> TASK STATEMENT
Reproduce the records below exactly from their first line through the line containing "10月23日上午10:00,物理与材料科", omitting all pictures.

> SOURCE INFORMATION
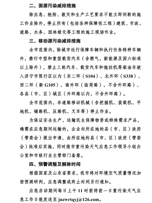 请各成员单位严格按照潍坊市人民政府办公室印发的《潍坊市重污染天气应急预案》(潍政办字〔2019〕132号)启动应急响应,其中,工业企业要按照最新修订的应急减排清单严格落实减排措施,应停即停,应限即限;除涉及重大民生工程、安全生产及应急抢险任务外,停止可能产生扬尘的港口作业、矿山开采、砂石料场、石材加工、商品混凝土生产、物料堆场作业、建筑和拆迁施工及长距离工程等涉及土石方作业环节,施工工地停止建筑拆除、喷涂粉刷、护坡喷浆、混凝土搅拌等;潍坊主城区、各县市区城区(外环路以内)禁行建筑垃圾和渣土运输车、混凝土罐车、砂石运输车等中型和重型载货汽车(含燃气,新能源及国六标准以上除外)以及三轮汽车、低速载货汽车和拖拉机等柴油车。全市范围内非道路移动机械(含挖掘机、装载机、平地机、铺路机、压路机、叉车等)停止作业。
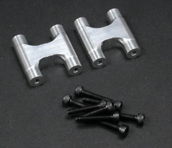 This is the optional Bulkhead Brace Set for Front and Rear Bumbers on a Traxxas T-Maxx or E-Maxx truck. These are the braces which fit inbetween the bumber mounts and bulkhead halves. FEATURES: Natural silver machined aluminum INCLUDES: Two bulkhead braces Eight 3x16mm cap head machine screws (.634") REQUIRES: Assembly onto T-Maxx or E-Maxx SPECS: Bulkhead Brace Length: 28.4mm (1.12") Center Distance Between Mounting Holes: 20.7mm (.82") Brace Thickness: 7.7mm (.30") COMMENTS: For blue braces, use DTXC2736 cmc 9/15/01
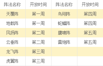 玩家可从“任务-副本”进入选择相应的阵法进行挑战,每周维护后更换两种阵法,各周开放阵法分别为:
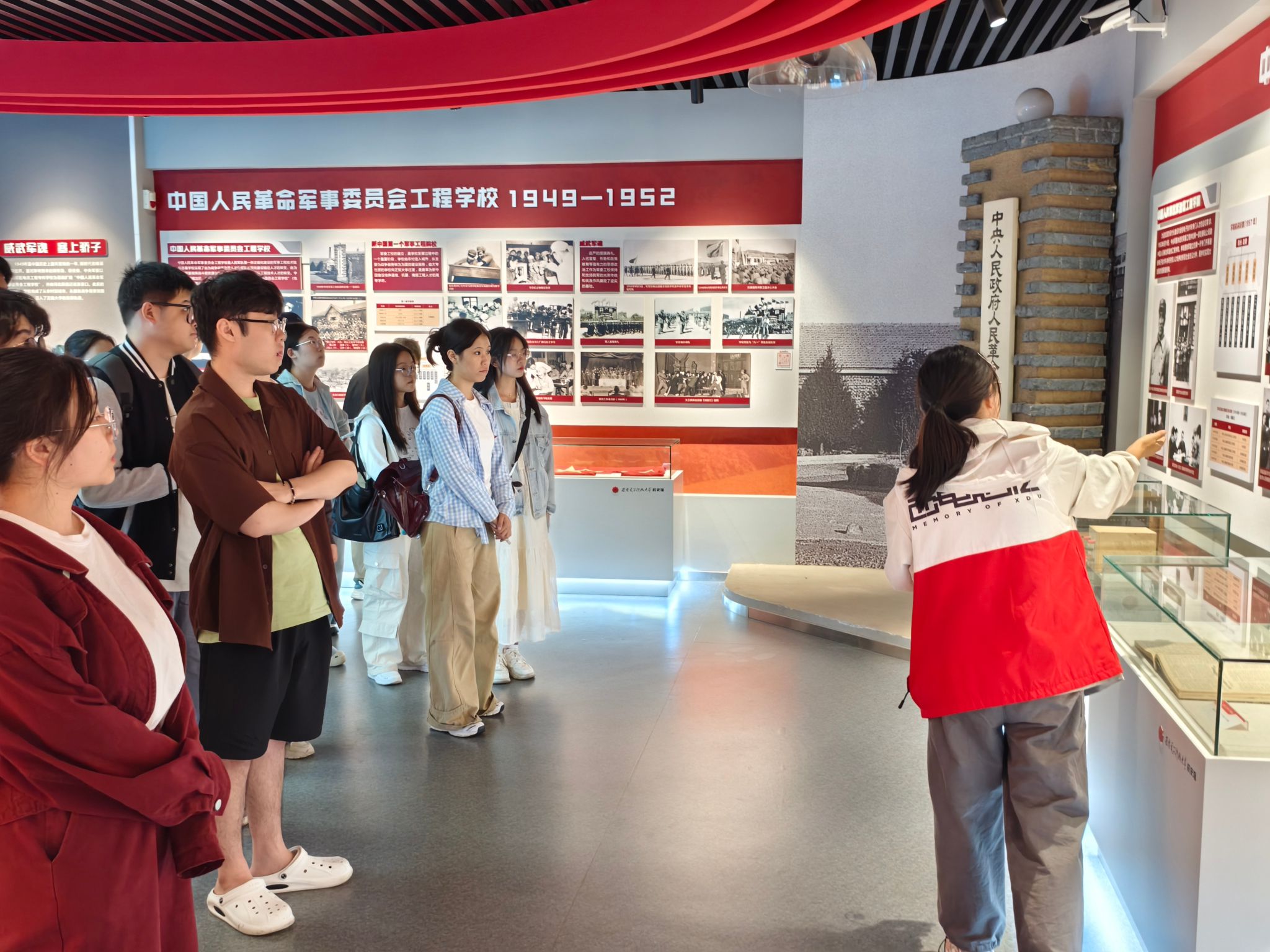 在校史馆,同学们参观了以时间为线索的“俯垂明训”“校史钩沉”“今日华章”等三大篇章。在讲解员慷慨激昂的讲解中,同学们沉浸在从江西瑞金军委无线电学校到韩漫基地
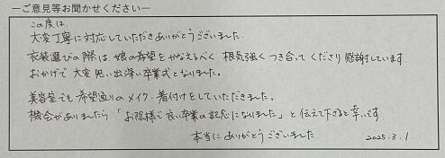 ここでは、昨年度実際に当店で卒業袴をレンタルされたお客様の声をご紹介します!
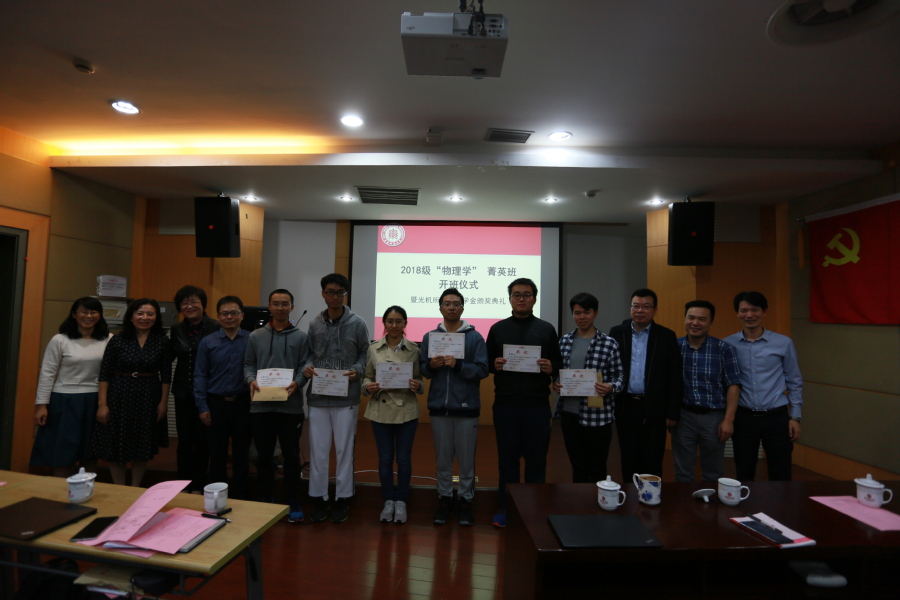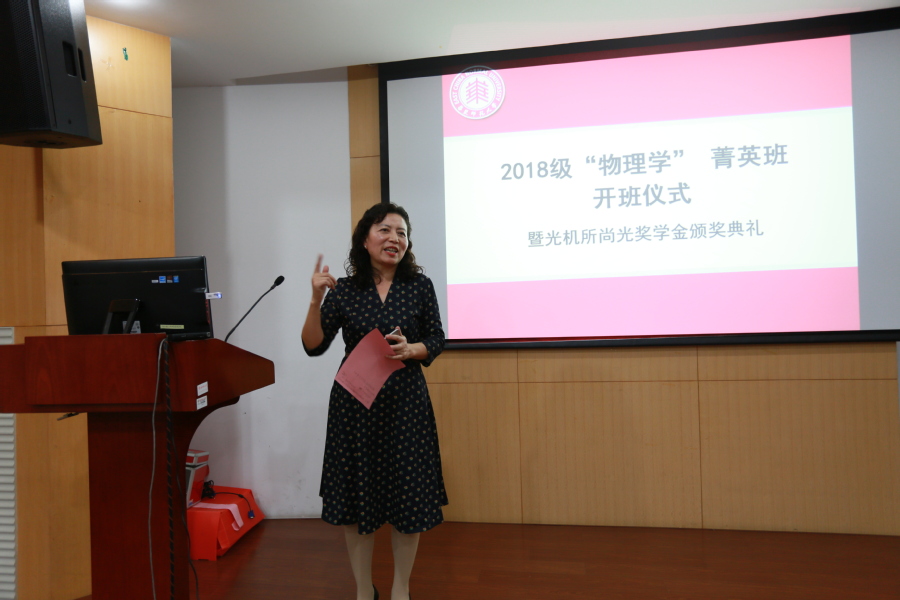 10月23日上午10:00,物理与材料科学学院2018级物理学菁英班开班仪式暨光机所尚光奖学金颁奖活动在物理楼226报告厅顺利举行。中科院光机所强场激光物理国家重点实验室副主任刘鹏、人事教育处副处长丁虹、所团委书记金黎慧,副校长孙真荣、物理与材料科学学院书记李恺、院长程亚、副院长周先荣、光华书院书记赵旌旌、院长温玉亮及教务处副处长谭红岩出席了活动。光华书院代表、菁英班班主任以及2018级30位菁英班同学参加了此次开班和颁奖活动。活动由物理与材料科学学院书记李恺主持。
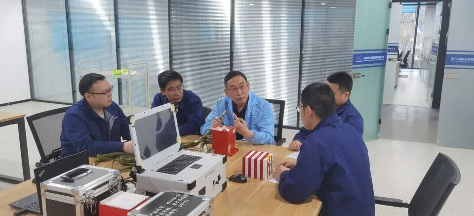 圖為團(tuán)隊(duì)成員圍繞“沙克網(wǎng)絡(luò)”測(cè)試系統(tǒng)匹配展開研討。

> FINISHED TASK
 请各成员单位严格按照潍坊市人民政府办公室印发的《潍坊市重污染天气应急预案》(潍政办字〔2019〕132号)启动应急响应,其中,工业企业要按照最新修订的应急减排清单严格落实减排措施,应停即停,应限即限;除涉及重大民生工程、安全生产及应急抢险任务外,停止可能产生扬尘的港口作业、矿山开采、砂石料场、石材加工、商品混凝土生产、物料堆场作业、建筑和拆迁施工及长距离工程等涉及土石方作业环节,施工工地停止建筑拆除、喷涂粉刷、护坡喷浆、混凝土搅拌等;潍坊主城区、各县市区城区(外环路以内)禁行建筑垃圾和渣土运输车、混凝土罐车、砂石运输车等中型和重型载货汽车(含燃气,新能源及国六标准以上除外)以及三轮汽车、低速载货汽车和拖拉机等柴油车。全市范围内非道路移动机械(含挖掘机、装载机、平地机、铺路机、压路机、叉车等)停止作业。
 This is the optional Bulkhead Brace Set for Front and Rear Bumbers on a Traxxas T-Maxx or E-Maxx truck. These are the braces which fit inbetween the bumber mounts and bulkhead halves. FEATURES: Natural silver machined aluminum INCLUDES: Two bulkhead braces Eight 3x16mm cap head machine screws (.634") REQUIRES: Assembly onto T-Maxx or E-Maxx SPECS: Bulkhead Brace Length: 28.4mm (1.12") Center Distance Between Mounting Holes: 20.7mm (.82") Brace Thickness: 7.7mm (.30") COMMENTS: For blue braces, use DTXC2736 cmc 9/15/01
 玩家可从“任务-副本”进入选择相应的阵法进行挑战,每周维护后更换两种阵法,各周开放阵法分别为:
 在校史馆,同学们参观了以时间为线索的“俯垂明训”“校史钩沉”“今日华章”等三大篇章。在讲解员慷慨激昂的讲解中,同学们沉浸在从江西瑞金军委无线电学校到韩漫基地
 ここでは、昨年度実際に当店で卒業袴をレンタルされたお客様の声をご紹介します!
 10月23日上午10:00,物理与材料科学学院2018级物理学菁英班开班仪式暨光机所尚光奖学金颁奖活动在物理楼226报告厅顺利举行。中科院光机所强场激光物理国家重点实验室副主任刘鹏、人事教育处副处长丁虹、所团委书记金黎慧,副校长孙真荣、物理与材料科学学院书记李恺、院长程亚、副院长周先荣、光华书院书记赵旌旌、院长温玉亮及教务处副处长谭红岩出席了活动。光华书院代表、菁英班班主任以及2018级30位菁英班同学参加了此次开班和颁奖活动。活动由物理与材料科学学院书记李恺主持。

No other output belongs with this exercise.